Zak (Zack Gottsagen) is 22-year-old with Downs syndrome.  Recently orphaned and deemed incapable of caring for himself, this unfortunate ward of the state (in this case, Georgia) has been warehoused among  dementia-plagued seniors.

Sounds grim, but the screenplay and direction immediately announce that it’s okay to laugh. Early on Zak elicits the cooperation of his fellow “inmates” to stage a jail break.  It’s short lived because even running at top speed Zak is hopelessly slow.

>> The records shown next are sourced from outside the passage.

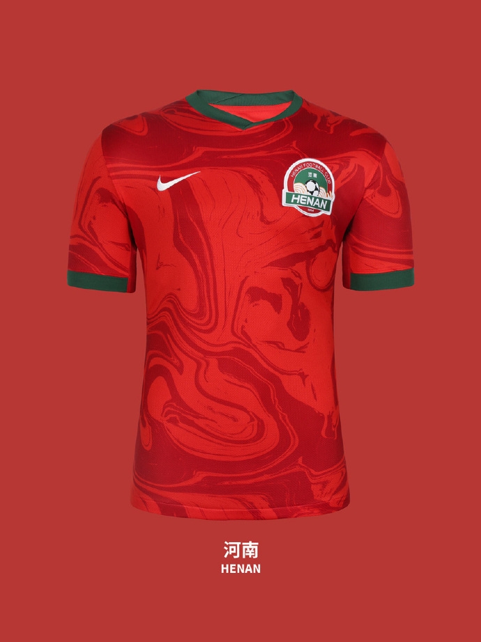 和天津球衣類似的是河南隊(duì)。他們采取了大膽的紅色水波紋印花,其靈感來(lái)自于流經(jīng)中原大地的黃河。同樣是很抽象,但視覺(jué)效果也同樣很好,而且色彩搭配恰如其分。不過(guò)卻有球迷“投訴”,這款球衣抄襲了切爾西,“而且抄得也不完整,少了炫光的LOGO。”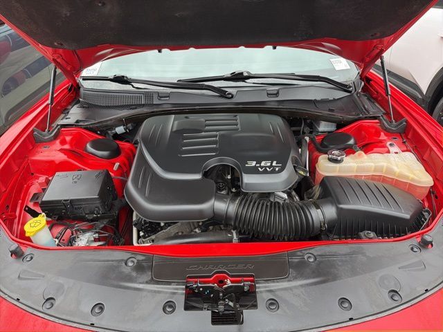 Inside, the Charger SXT provides a spacious cabin with seating for five and 104.7-cubic feet of passenger volume, ensuring comfort on long drives. The trunk offers 16.5-cubic feet of cargo space, making it practical for daily use or weekend travel. Standard tech includes the intuitive Uconnect infotainment system with Apple CarPlay and Android Auto, giving drivers seamless smartphone integration.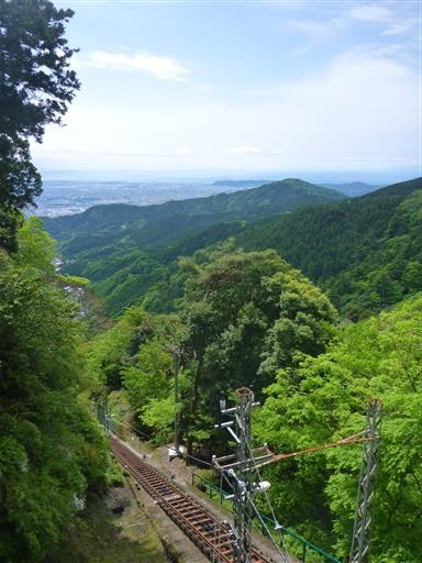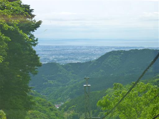 ケーブルカーからは遠くに相模湾を眺められる。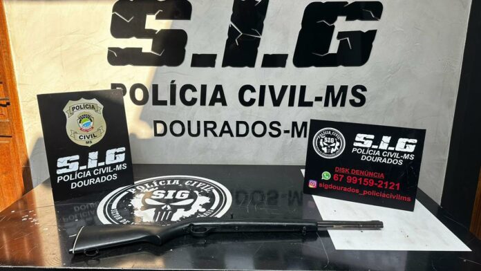 Durante as investigações, a equipe SIG-Dourados identificou o veículo e o motorista confessou a autoria. No veículo, foi apreendido um estojo de munição deflagrado.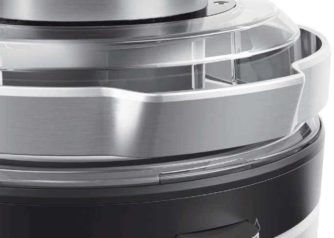 Безопасность использования обеспечивается несколькими системами. Функция SafetyStop блокирует запуск двигателя при неправильной сборке или незакрытой крышке. Прорезиненные ножки надежно фиксируют прибор на столешнице во время работы, предотвращая вибрацию и скольжение. Усиленный фиксатор крышки из литого алюминия гарантирует ее надежное крепление в процессе отжима.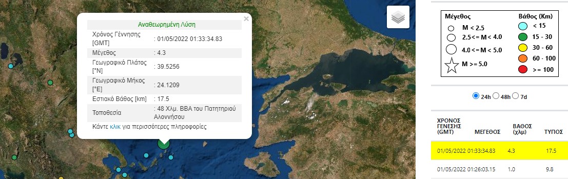Σεισμική δόνηση μεγέθους 4,3 βαθμών της κλίμακας Ρίχτερ σημειώθηκε στις 04:33 σήμερα Κυριακή στα ανοικτά της Αλοννήσου, όπως ανακοίνωσε το Γεωδυναμικό Ινστιτούτο του Εθνικού Αστεροσκοπείου Αθηνών.
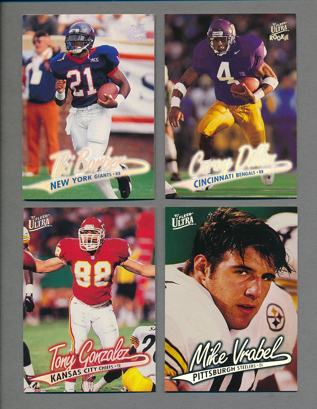 1997 Fleer Ultra Football Complete Set. This complete set contains (350) cards. The overall condition of this set averages NM/MT to MINT.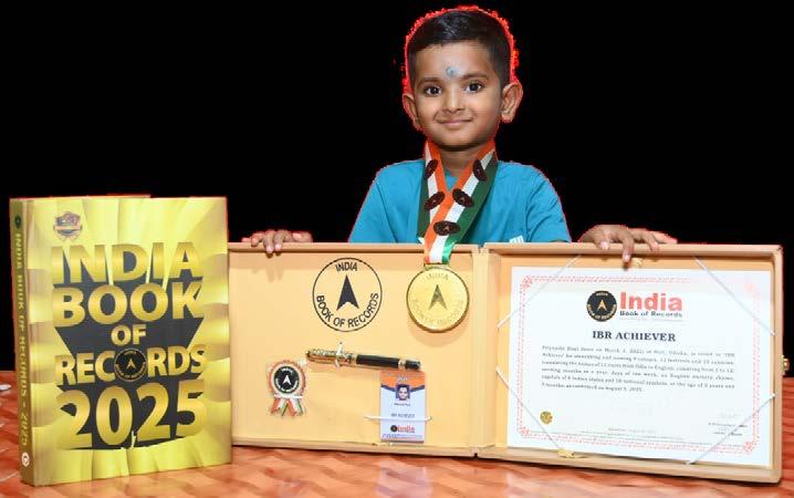 Dibyanshu Sekhar Sahoo (born on September 29, 2019) of Jagatsinghpur, Odisha, is titled as ‘IBR achiever’ for reciting the names of 5 oceans, 9 neighbouring countries of India, 7 mantras, 25 baby animals, 8 planets, 30 districts of Odisha, 28 Indian states with capitals, 100 English antonyms and 20 famous personalities; answering 60 G.K. questions, at the age of 5 years and 11 months, as confirmed on August 30, 2025.

Meanwhile Tyler (Shia LaBeouf) mans a one-man fishing boat working the Outer Banks. He’s a bearded outcast not above raiding the crab pots of other fishermen; after starting a fire that destroys a rival’s precious equipment, Tyler finds himself on the lam.

“…Falcon” throws together  Zak — who has run away wearing only a pair of tidy whities and dreams of becoming a professional wrestler  — and the fugitive Tyler, who slowly warms to his new companion’s hilarious innocence.